▶ Task item: Given the records underneath, please repeat exactly the lines from the line with "Bagi fasa ketiga" through the line with "Tai Ji trainiert", passing over any picture.

(Entries taken from a collection)

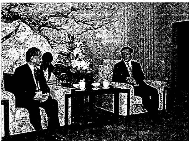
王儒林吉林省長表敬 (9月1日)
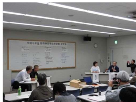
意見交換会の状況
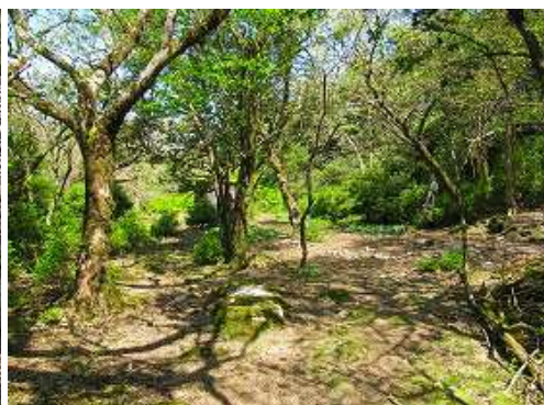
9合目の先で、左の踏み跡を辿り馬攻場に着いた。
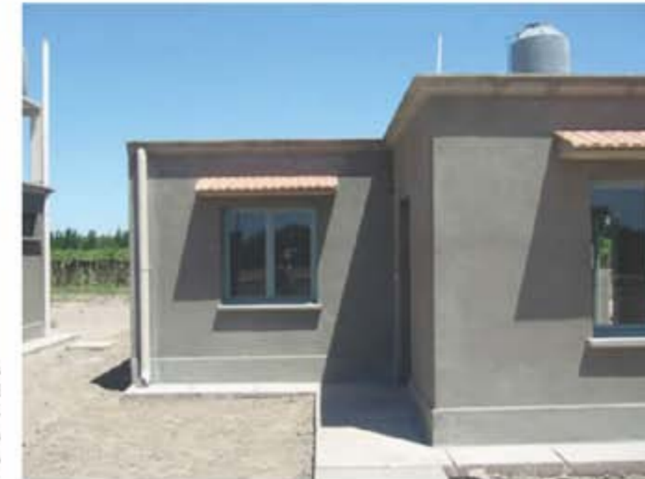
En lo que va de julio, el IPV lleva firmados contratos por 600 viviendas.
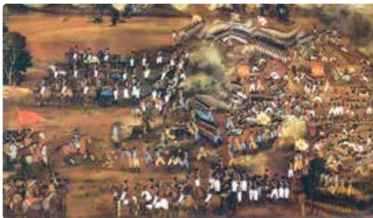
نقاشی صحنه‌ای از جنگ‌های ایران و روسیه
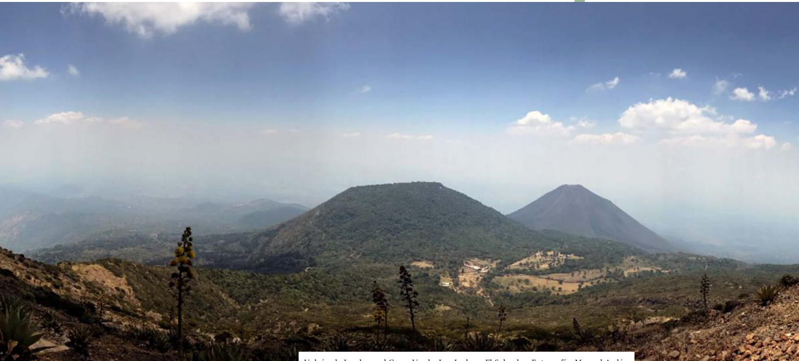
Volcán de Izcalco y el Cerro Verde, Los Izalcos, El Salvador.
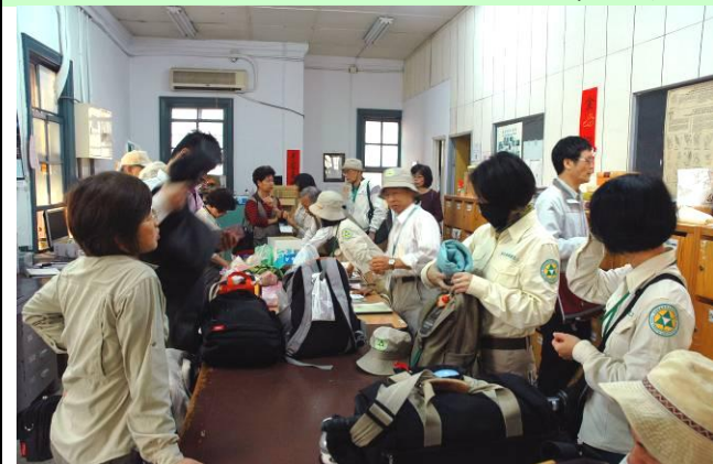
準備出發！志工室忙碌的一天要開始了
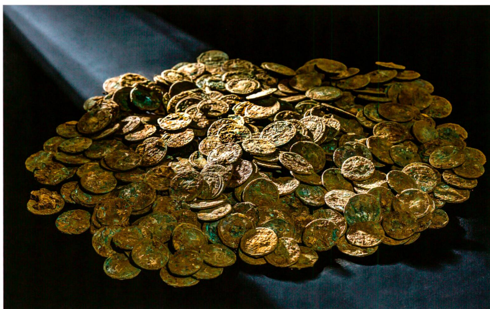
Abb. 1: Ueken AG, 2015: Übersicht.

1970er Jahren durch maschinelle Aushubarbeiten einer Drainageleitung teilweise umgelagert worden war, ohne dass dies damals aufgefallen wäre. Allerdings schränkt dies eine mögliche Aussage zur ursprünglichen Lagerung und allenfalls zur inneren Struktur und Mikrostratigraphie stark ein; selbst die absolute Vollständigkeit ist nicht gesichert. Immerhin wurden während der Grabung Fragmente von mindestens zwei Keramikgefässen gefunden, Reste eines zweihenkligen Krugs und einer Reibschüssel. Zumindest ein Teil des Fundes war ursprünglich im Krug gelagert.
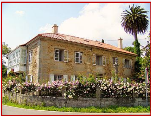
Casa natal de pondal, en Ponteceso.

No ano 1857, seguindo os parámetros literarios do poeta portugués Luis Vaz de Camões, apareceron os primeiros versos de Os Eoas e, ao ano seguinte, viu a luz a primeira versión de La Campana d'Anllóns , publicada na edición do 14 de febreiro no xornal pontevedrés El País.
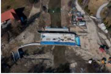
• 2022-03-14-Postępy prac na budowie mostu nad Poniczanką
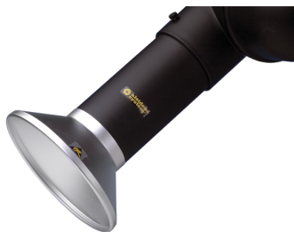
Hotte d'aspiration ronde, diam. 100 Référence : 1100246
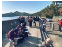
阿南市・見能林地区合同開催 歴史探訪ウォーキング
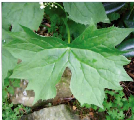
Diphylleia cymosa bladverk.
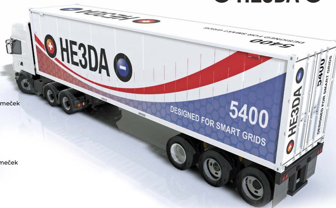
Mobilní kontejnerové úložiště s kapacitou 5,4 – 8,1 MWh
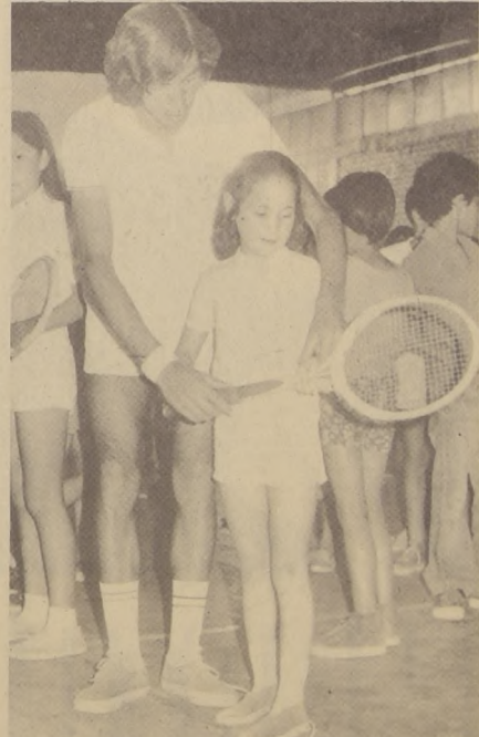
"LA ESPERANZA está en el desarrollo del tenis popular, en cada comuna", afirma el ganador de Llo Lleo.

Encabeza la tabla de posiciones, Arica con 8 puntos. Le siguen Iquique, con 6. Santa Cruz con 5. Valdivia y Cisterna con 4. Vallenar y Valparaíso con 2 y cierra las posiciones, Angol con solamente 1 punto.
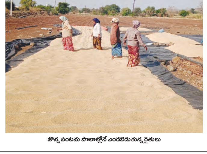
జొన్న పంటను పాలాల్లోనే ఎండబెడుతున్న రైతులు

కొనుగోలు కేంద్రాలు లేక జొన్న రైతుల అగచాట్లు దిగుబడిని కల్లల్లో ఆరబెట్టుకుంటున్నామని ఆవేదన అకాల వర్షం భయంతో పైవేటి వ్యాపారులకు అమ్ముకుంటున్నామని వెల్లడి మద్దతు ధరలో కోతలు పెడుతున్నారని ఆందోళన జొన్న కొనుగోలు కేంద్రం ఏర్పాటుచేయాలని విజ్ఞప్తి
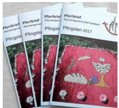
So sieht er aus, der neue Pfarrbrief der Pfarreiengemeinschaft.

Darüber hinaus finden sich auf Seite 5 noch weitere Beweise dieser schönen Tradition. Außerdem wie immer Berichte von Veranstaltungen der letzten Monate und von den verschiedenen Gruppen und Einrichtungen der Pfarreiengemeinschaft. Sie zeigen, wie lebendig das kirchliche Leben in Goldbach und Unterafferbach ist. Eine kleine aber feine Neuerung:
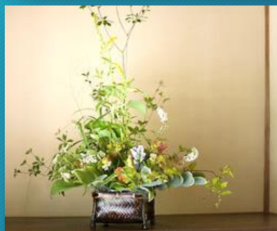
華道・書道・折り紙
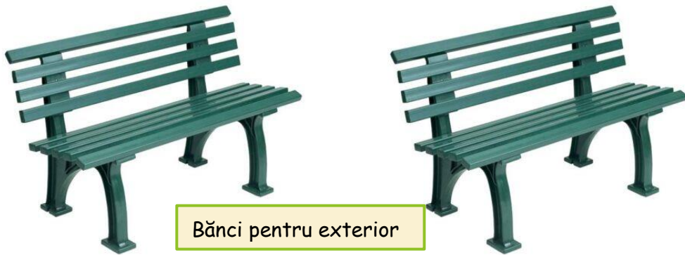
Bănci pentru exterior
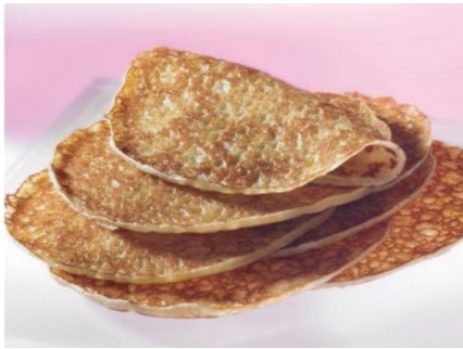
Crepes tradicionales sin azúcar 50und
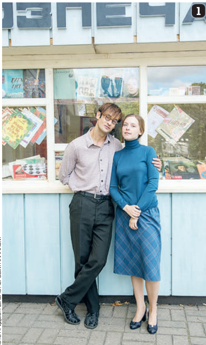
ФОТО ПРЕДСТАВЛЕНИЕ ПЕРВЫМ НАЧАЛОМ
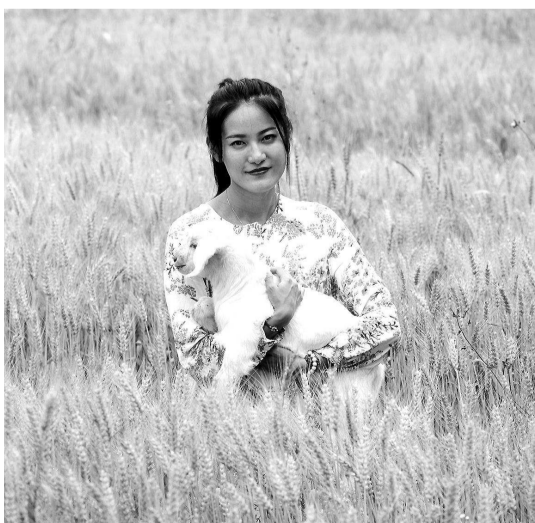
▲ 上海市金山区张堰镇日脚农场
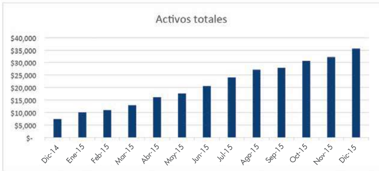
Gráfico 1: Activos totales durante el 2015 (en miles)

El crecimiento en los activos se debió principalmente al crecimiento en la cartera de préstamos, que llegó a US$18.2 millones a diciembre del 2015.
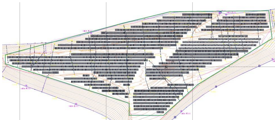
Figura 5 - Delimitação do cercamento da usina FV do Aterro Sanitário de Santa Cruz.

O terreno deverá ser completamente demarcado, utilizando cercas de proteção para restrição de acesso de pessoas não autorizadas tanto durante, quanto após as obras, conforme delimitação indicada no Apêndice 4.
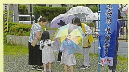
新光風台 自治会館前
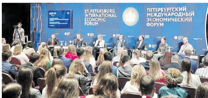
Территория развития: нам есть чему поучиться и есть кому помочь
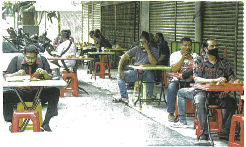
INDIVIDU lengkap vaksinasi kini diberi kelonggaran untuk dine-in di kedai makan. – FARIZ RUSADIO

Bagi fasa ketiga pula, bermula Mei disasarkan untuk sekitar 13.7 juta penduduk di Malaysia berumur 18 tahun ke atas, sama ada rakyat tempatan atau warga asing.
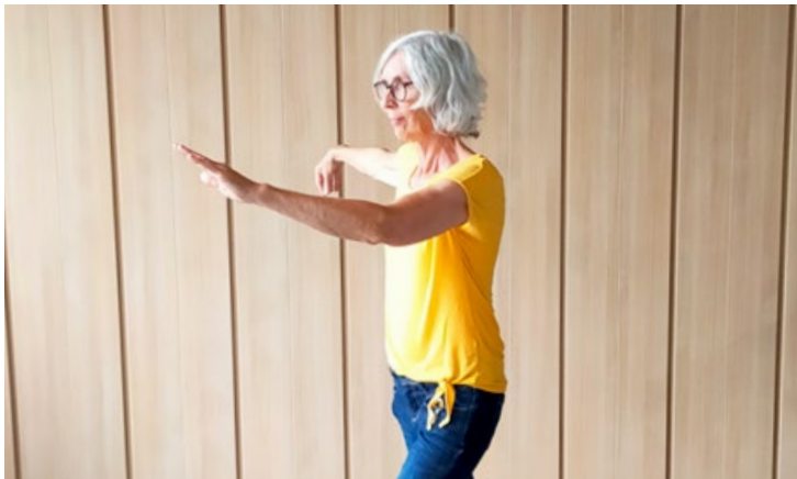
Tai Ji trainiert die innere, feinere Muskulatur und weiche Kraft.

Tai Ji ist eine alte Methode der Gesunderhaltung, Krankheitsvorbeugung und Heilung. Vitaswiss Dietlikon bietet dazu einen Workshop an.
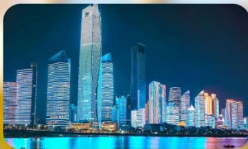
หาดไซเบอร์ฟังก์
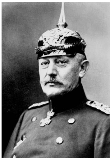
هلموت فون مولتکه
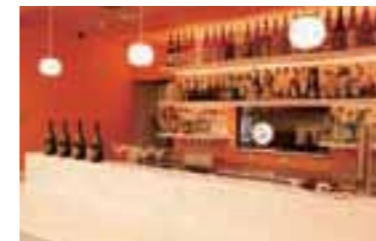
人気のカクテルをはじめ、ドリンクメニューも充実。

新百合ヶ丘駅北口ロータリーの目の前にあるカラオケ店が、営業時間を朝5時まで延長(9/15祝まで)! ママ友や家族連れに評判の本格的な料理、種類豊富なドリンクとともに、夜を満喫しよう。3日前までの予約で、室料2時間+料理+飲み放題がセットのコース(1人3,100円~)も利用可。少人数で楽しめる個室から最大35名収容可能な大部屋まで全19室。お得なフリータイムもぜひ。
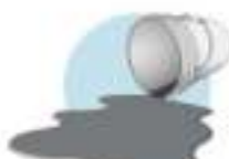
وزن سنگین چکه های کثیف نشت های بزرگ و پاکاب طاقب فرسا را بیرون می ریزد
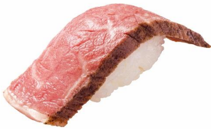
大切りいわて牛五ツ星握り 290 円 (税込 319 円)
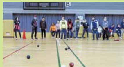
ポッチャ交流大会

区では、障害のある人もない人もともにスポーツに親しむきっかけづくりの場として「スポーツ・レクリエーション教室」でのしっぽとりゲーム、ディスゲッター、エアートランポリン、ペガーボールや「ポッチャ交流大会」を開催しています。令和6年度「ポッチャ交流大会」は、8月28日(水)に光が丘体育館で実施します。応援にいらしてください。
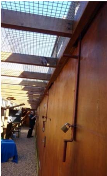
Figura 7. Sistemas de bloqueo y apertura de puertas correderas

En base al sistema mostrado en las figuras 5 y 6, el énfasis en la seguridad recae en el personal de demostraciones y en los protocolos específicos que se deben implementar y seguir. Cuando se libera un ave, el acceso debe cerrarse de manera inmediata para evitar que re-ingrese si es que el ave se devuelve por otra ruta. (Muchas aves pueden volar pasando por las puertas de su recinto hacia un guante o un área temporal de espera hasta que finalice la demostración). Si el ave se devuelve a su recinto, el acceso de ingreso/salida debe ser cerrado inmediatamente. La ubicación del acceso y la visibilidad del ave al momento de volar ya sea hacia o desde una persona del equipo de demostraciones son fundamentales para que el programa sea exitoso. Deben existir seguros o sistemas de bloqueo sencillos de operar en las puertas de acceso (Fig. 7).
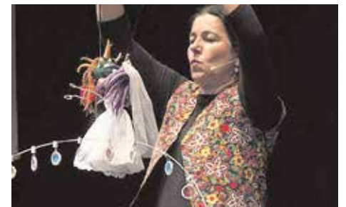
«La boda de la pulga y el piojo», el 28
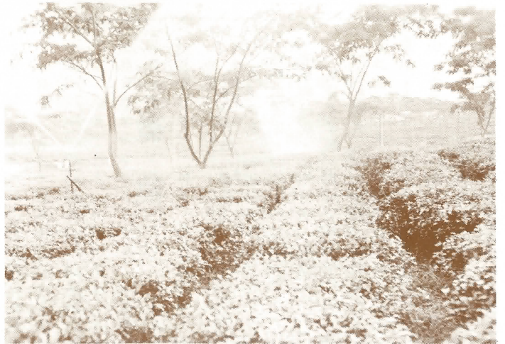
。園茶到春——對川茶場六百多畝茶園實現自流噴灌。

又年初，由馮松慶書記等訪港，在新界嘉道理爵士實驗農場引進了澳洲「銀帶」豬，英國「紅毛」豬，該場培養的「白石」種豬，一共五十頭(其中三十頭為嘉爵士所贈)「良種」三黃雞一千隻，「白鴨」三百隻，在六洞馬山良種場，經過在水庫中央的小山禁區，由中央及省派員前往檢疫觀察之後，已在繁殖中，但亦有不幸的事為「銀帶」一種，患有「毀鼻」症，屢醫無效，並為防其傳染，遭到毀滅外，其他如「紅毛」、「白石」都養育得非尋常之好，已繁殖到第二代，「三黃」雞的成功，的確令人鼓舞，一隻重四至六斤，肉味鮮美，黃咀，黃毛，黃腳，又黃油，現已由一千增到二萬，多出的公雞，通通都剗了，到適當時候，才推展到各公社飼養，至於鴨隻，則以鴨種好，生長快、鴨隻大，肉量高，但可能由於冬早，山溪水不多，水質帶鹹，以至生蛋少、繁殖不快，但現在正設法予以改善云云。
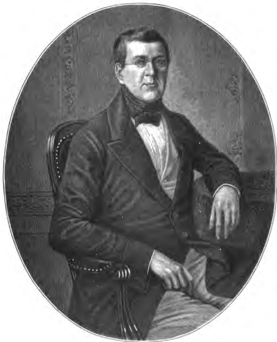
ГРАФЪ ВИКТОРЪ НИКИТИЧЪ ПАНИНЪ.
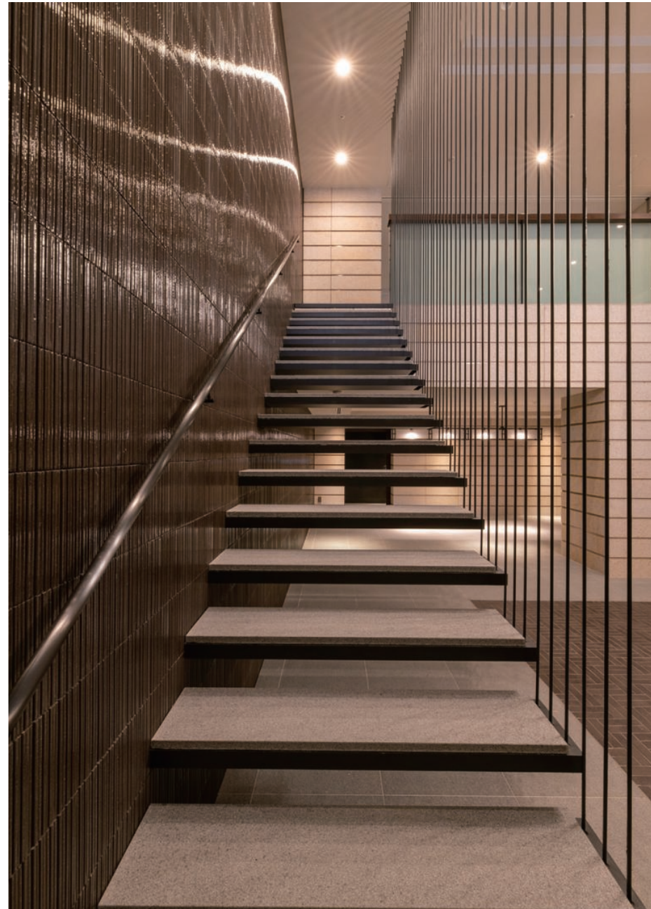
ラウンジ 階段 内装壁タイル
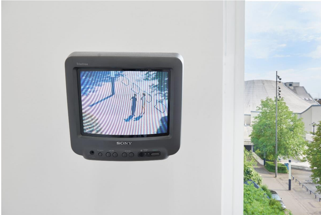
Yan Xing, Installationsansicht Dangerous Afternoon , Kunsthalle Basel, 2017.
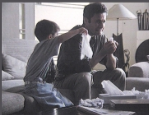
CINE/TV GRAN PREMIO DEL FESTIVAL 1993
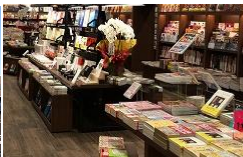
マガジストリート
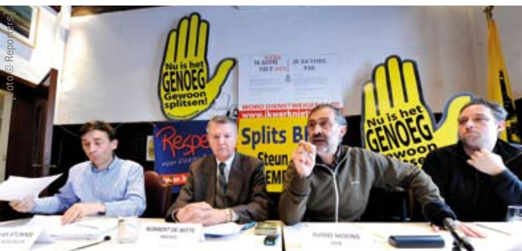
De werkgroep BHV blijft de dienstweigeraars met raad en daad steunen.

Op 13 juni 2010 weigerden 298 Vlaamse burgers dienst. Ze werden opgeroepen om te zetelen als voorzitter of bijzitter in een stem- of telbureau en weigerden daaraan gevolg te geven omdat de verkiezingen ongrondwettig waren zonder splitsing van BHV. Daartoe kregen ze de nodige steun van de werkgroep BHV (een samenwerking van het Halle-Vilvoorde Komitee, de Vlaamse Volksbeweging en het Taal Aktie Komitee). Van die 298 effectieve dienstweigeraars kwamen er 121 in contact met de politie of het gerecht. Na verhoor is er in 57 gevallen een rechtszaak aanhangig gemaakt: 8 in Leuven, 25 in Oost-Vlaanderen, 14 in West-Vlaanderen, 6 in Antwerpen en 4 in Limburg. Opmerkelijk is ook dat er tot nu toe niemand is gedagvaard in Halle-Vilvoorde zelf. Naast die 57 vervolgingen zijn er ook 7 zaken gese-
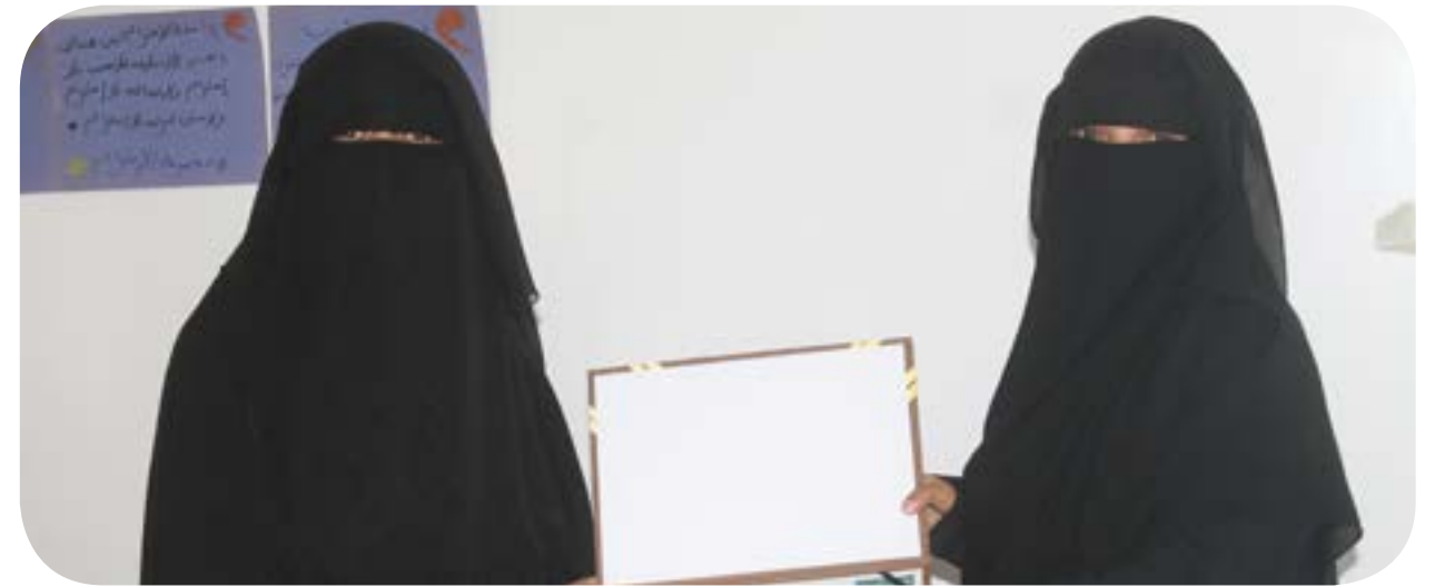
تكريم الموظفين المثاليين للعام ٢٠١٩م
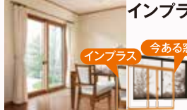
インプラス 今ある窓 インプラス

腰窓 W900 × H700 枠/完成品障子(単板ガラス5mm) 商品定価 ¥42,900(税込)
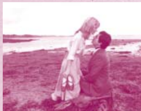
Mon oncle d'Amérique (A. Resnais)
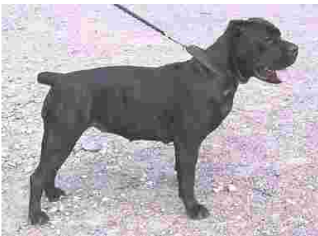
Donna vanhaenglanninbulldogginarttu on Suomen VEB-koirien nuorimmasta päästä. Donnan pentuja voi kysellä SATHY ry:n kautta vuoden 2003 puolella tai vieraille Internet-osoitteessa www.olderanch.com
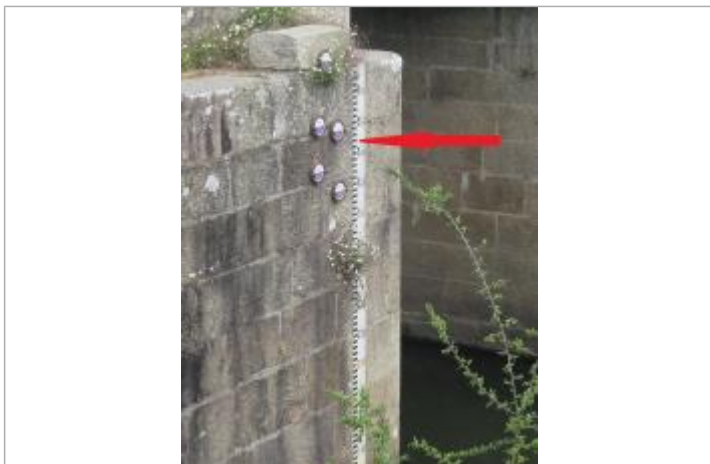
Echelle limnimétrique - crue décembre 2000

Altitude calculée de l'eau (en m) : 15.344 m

▶ Exercise output:
Bagi fasa ketiga pula, bermula Mei disasarkan untuk sekitar 13.7 juta penduduk di Malaysia berumur 18 tahun ke atas, sama ada rakyat tempatan atau warga asing.
Tai Ji trainiert die innere, feinere Muskulatur und weiche Kraft.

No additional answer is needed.